── The data ──

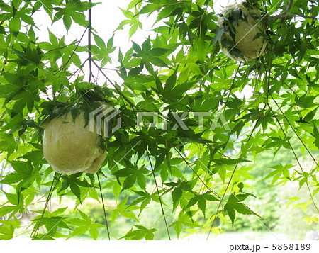 〔福井県/岐阜県・6月〕夜叉ヶ池の風景 夜叉ヶ池周辺の木々に産み落とされたモリアオガエルの卵たち
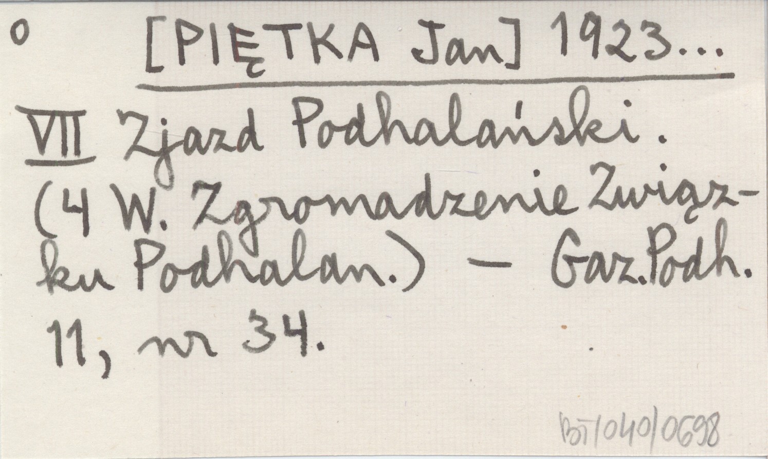 [PIĘTKA Jan] 1923... VII Zjazd Podhalański. (4 W. Zgromadzenie Związku Podhalan).
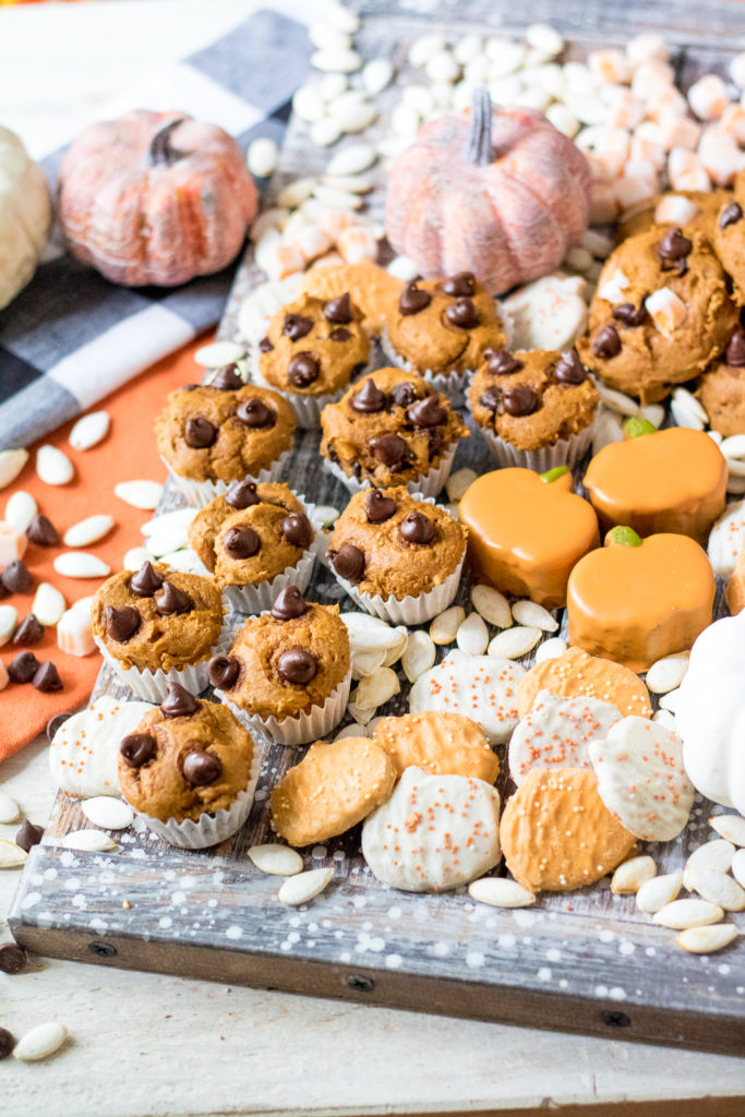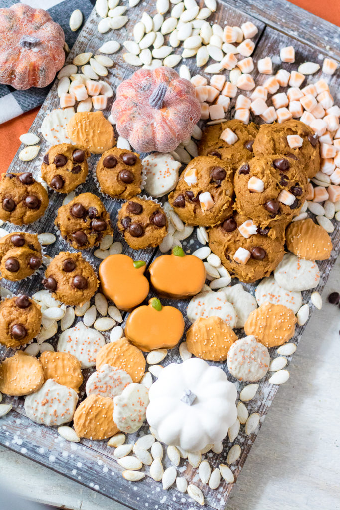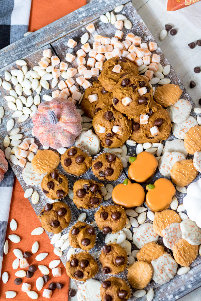 I was planning on having friends over, so I wanted to create a gorgeous fall dessert board with some pumpkin cookies and pumpkin muffins as the star of the tray.

───

→ **What this task involves**:
Leaving out the pictures, restate the listing above exactly.

→ **Solved problem**:
 〔福井県/岐阜県・6月〕夜叉ヶ池の風景 夜叉ヶ池周辺の木々に産み落とされたモリアオガエルの卵たち
 [PIĘTKA Jan] 1923... VII Zjazd Podhalański. (4 W. Zgromadzenie Związku Podhalan).
 I was planning on having friends over, so I wanted to create a gorgeous fall dessert board with some pumpkin cookies and pumpkin muffins as the star of the tray.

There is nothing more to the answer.